I could be wrong, but when i was in Air cadets, the CATOs detailed that all cadet combat gear needs to have any markings or insignia that may pertain to actual military use (like the maple leaf on the shoulder, any other patches) removed. 

there's a technicality where you could argue that after serving as a staff cadet, you're suddenly allowed to wear the maple leaf, because you're "technically" a member of the reserves and you have a SN.  as far as rank chevrons for your combats, you'd be wise to ask your corps officers. every unit has their little preferences and ways of interpreting the CATOs.

hope that helped. 

pat


----------



## ouyin2000 (16 Mar 2005)

yes army cadets are authorised to wear the combat green chevrons, provided that thew are sewn onto the combat green armlet and worn on the right arm (since it is the same arm army cadet ranks are worn)

also, you must have a clear badge identifying you as a cadet. such as the Royal Canadian Army Cadet badge.

some corps also allow things like their affiliated unit badge or patch on the armlet. For example, on my combat armlet, i have the Royal Canadian Army Cadet badge at the top, a Hunting Stewart tartan patch below that, and my combat rank below that. the tartan patch represents the Canadian Scottish Regiment (Princess Mary's), which is the affiliated unit


----------



## madchicken (16 Mar 2005)

ouyin2000 said:
			
		

> yes army cadets are authorised to wear the combat green chevrons, provided that thew are sewn onto the combat green armlet and worn on the right arm (since it is the same arm army cadet ranks are worn)
> 
> also, you must have a clear badge identifying you as a cadet. such as the Royal Canadian Army Cadet badge.
> 
> some corps also allow things like their affiliated unit badge or patch on the armlet. For example, on my combat armlet, i have the Royal Canadian Army Cadet badge at the top, a Hunting Stewart tartan patch below that, and my combat rank below that. the tartan patch represents the Canadian Scottish Regiment (Princess Mary's), which is the affiliated unit



Hmmm okay....so then by armlett you mean the Brassards right?  The things that go on your arm and display rank stuff, like what staff cadets wear?  I know our corps dosn't have those, because we just wear our epiletts on our combats, but I thought combat chevrons were cooler.  Hmmm...I wounder if my CO would go for Brassards?  I should ask.

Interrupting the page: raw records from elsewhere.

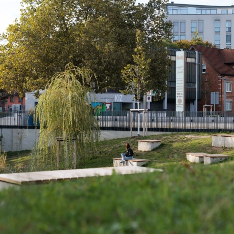 Aalen hat den früher versiegelten Rathausplatz in eine naturnahe, klimafreundliche Fläche mit Grünbereichen und offenem Stadtbach umgestaltet. Auf den Wegen unterstützt der GDM.KLIMASTEIN die natürliche Versickerung und Verdunstung von Regenwasser und verbessert so das Stadtklima.
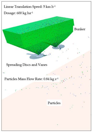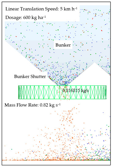 Prior to fertilizer spreading, measurements were made of the spreader‘s fertilizer mass flow through one bunker shutter. For this purpose, one disc of the spreader was removed and replaced by a special fertilizer-collecting container. The spreader was then driven for a certain distance at the required spreading dosage norm and at speeds of 5 and 10 km h−1. The mass flow of the fertilizer was estimated from the mass of the granules crumbled in the container. This measurement of the fertilizer mass flow rate was carried out several times with the spreader until the obtained value of the flow rate was close to the theoretical value. For example, at a fertilizer spreading dosage norm of 600 kg ha−1 and with the tractor and spreader movement at a speed of 5 km h−1, the theoretical value of the fertilizer flow rate through one bunker shutter is 0.83 kg s−1. In addition to the experimental studies on the determination of the fertilizer flow rate, modeling studies were carried out on the flow rate of fertilizer crumbling through a single bunker spreading shutter. The duration of the simulation study was 3 s, and the average flow rate was calculated after approximately 1.5 s of the study.
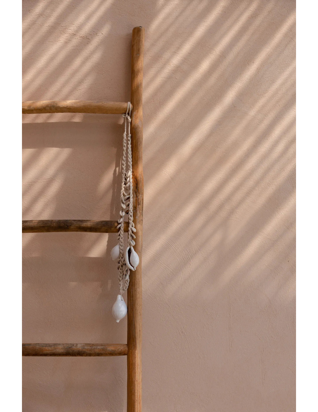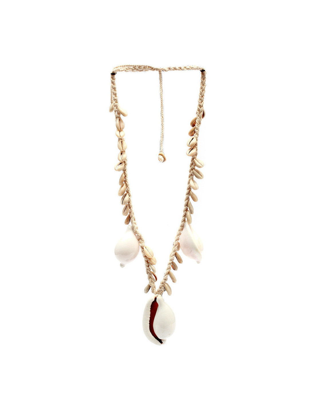 Décoration originale à suspendre Collier balinais en Coton Coquillage Blanc The Big White Cowrie
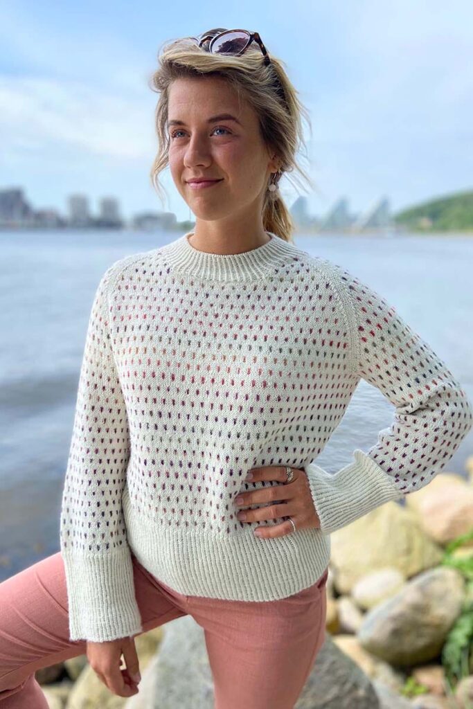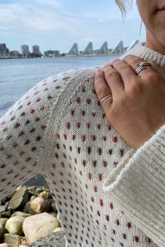 Wir präsentieren: NORDIC STARLIGHT von Sanne Lousdal ein Pullover, der die Magie des nordischen Himmels einfängt mit seinem kleinen, einfach zu strickenden Farbmotiv. Das zarte Muster funkelt und verändert die Farbe, ganz wie die Sterne, die über einer winterlichen Nacht strahlen.
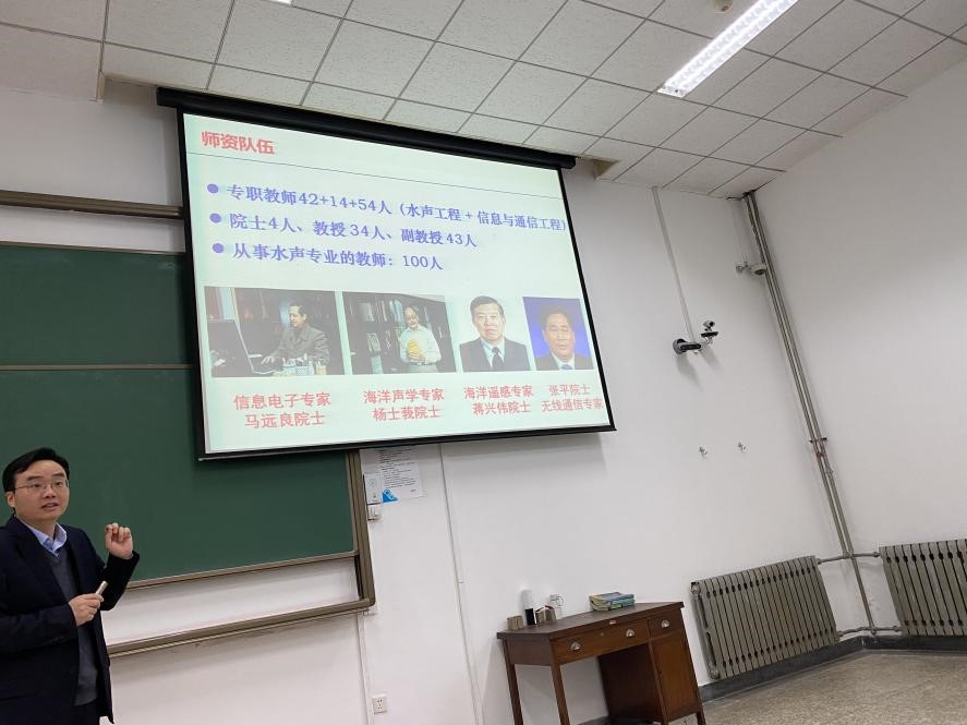 首先,杨老师回顾了水声工程专业发展历程,从水声工程学科点组建,历经招收本科生、招收研究生、获得博士授予权、获批国家重点学科、获批船舶与海洋工程一级学科点等历程,水声工程组建起一支优秀的师资队伍,师资力量雄厚。水声工程具有鲜明的学科特色,以创建一流船舶与海洋工程学科为目标,以服务国家海洋强国战略要求、实现跨越式发展为宗旨,以服务海洋、开放海洋、保护海洋为宗旨,为海洋科技发展提供科技支撑。
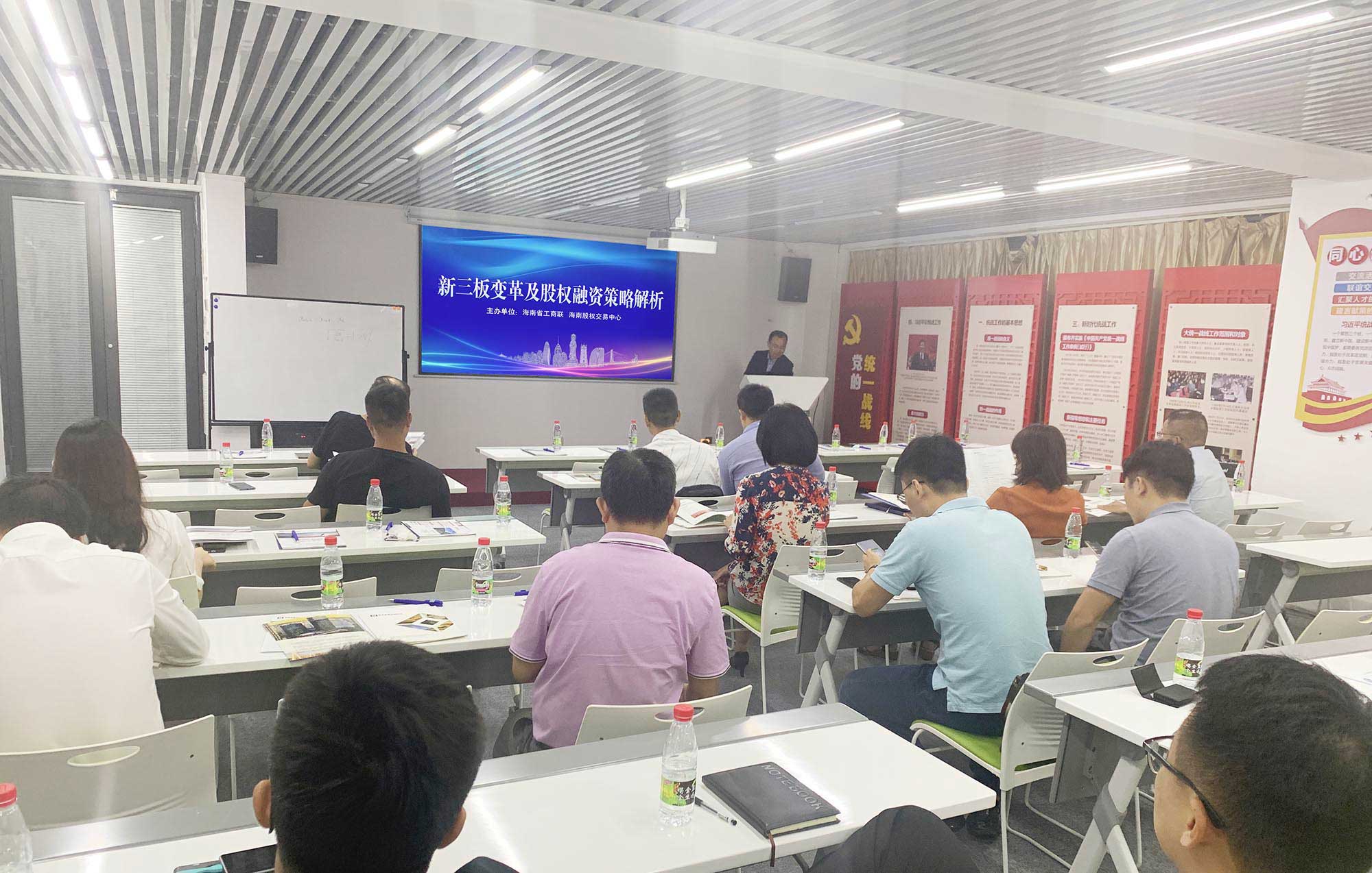 為促進(jìn)我省中小企業(yè)把握當(dāng)前多層次資本市場(chǎng)特點(diǎn)和國(guó)家政策方向,提升戰(zhàn)略決策能力并做好資本路徑規(guī)劃,由海南省工商聯(lián)、海南股權(quán)交易中心聯(lián)合主辦的“資本市場(chǎng)最新情況解讀---新三板變革及股權(quán)融資策略解析”專題講座在海口濱海國(guó)際電子商務(wù)產(chǎn)業(yè)園如期舉行,海南本地40余家企業(yè)參加本次活動(dòng)。
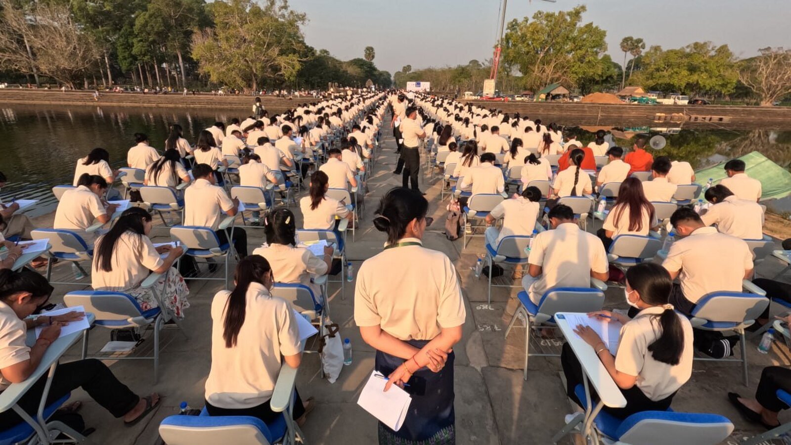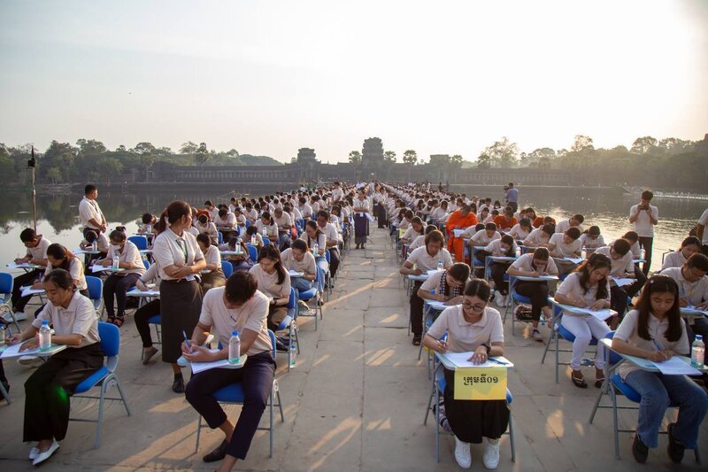 On the majestic western causeway of Angkor Wat recently renovated, contestants studiously sit on rows and rows of school tables and chairs on January 21, 2024. As 815 candidates had flocked to the first សំណេរអង្គរ (Saamner Angkor) Angkor Writing great dictation, some just sat on the bank of the baray (reservoir), notebook on their knees.
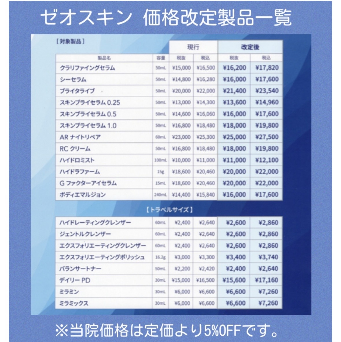 ゼオスキン・グラッシュビスタ 料金改定のお知らせ
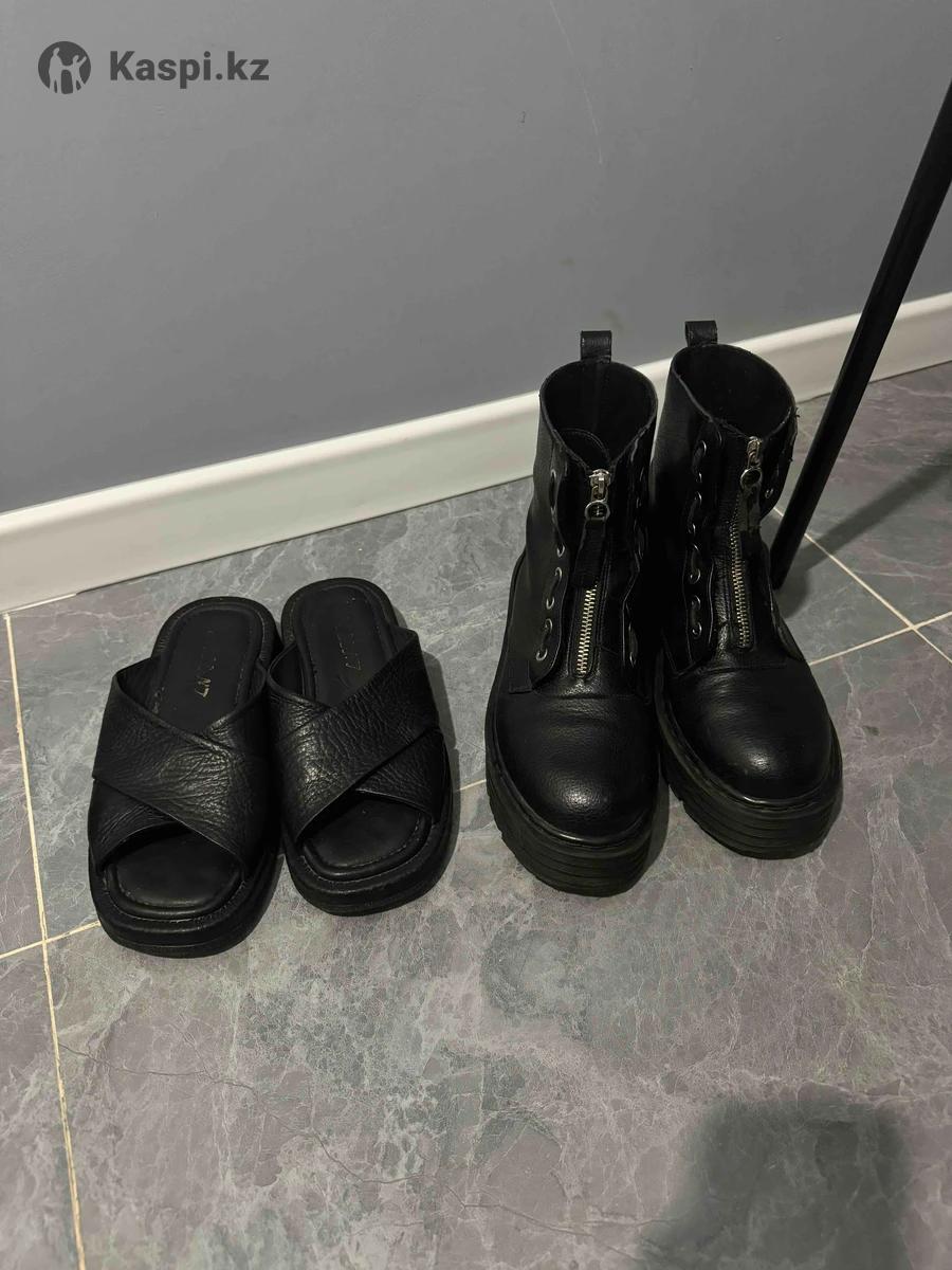 Продам женские демисезонные ботинки 37размера, имеются небольшие потертости, целые, состояние хорошее, покупала в пулбир. Тапочки 37р натуральная кожа, удобные. Возможно подойдут на 37,5 Самовывоз турксибский район или жибек жолы. Не звонить, писать только в
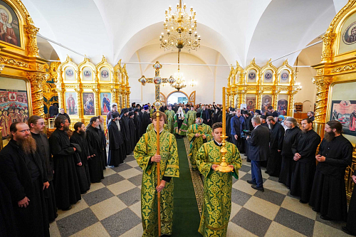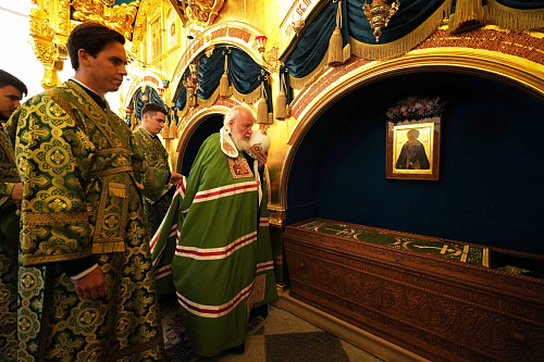 Святейший Владыка проследовал в Свято-Троицкий Зосимо-Савватиевский собор, где поклонился мощам преподобных Зосимы, Савватия и Германа Соловецких.
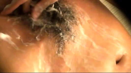 Attractive Japanese ultra-cutie soaps her nice milk cans and her furry peach

Anywho, thanks you two, that did help alot!  And know I even know why I can't wear that maple leaf on my combats.  lol


----------



## LordOsborne (16 Mar 2005)

sure, always glad to help out a cadet. 

just for the sake of nit-picking, the correct spelling is "epaulettes" after the french word for shoulder, "epaules". but the epaulettes are the parts that button onto your shirt/ tunic. you place the slip-ons_ through_ your epaulettes  . the actual piece of fabric that has your rank on it is called a "slip-on" or "shoulder boards" depending on who you talk to  ;D

but yeah, happy sewing
pat


----------



## ouyin2000 (16 Mar 2005)

well corps that dont have the armlets (brassards) use the cadet slip ons

basically you can use either form of displaying rank, as long is you are clearly identifiable as a cadet, and not mistaken for a full CF member


----------



## Pte. Bloggins (16 Mar 2005)

LordOsborne said:
			
		

> there's a technicality where you could argue that after serving as a staff cadet, you're suddenly allowed to wear the maple leaf, because you're "technically" a member of the reserves and you have a SN.



Are you sure about that? I highly doubt being a staff cadet and being a member of the reserves is the same thing. Are they a sworn member of the CF? In a reserve unit? Didn't think so.

From what I understand, staff cadets are only issued a SN for administrative purposes, ie. for pay.


----------



## Jonny Boy (16 Mar 2005)

madchicken said:
			
		

> I know our corps dosn't have those, because we just wear our epiletts on our combats, but I thought combat chevrons were cooler.



by epaulet's you mean slip ons right?   slip ons are what you wear that show your rank the epaulets are what you slid the slip on into that are on your uniform.


----------



## Gunner (16 Mar 2005)

> there's a technicality where you could argue that after serving as a staff cadet, you're suddenly allowed to wear the maple leaf, because you're "technically" a member of the reserves and you have a SN.


\\

Staff cadets are just that, cadets. They are not members of the CF (Reg or Res).  The prohibition against cadets wearing any uniform accoutrement's is in adherence to the convention on the use of child soldiers.


----------



## Sh0rtbUs (16 Mar 2005)

Gunner said:
			
		

> \\
> 
> Staff cadets are just that, cadets. They are not members of the CF (Reg or Res).  The prohibition against cadets wearing any uniform accoutrement's is in adherence to the convention on the use of child soldiers.



Thank you.

Just because you have a SN, does not mean in any way that you are a serving member of the Reserves.  A Cadet is a Cadet, a Soldier is a Soldier... no similarities.


----------



## Burrows (16 Mar 2005)

Gunner said:
			
		

> \\
> 
> Staff cadets are just that, cadets. They are not members of the CF (Reg or Res). The prohibition against cadets wearing any uniform accoutrement's is in adherence to the convention on the use of child soldiers.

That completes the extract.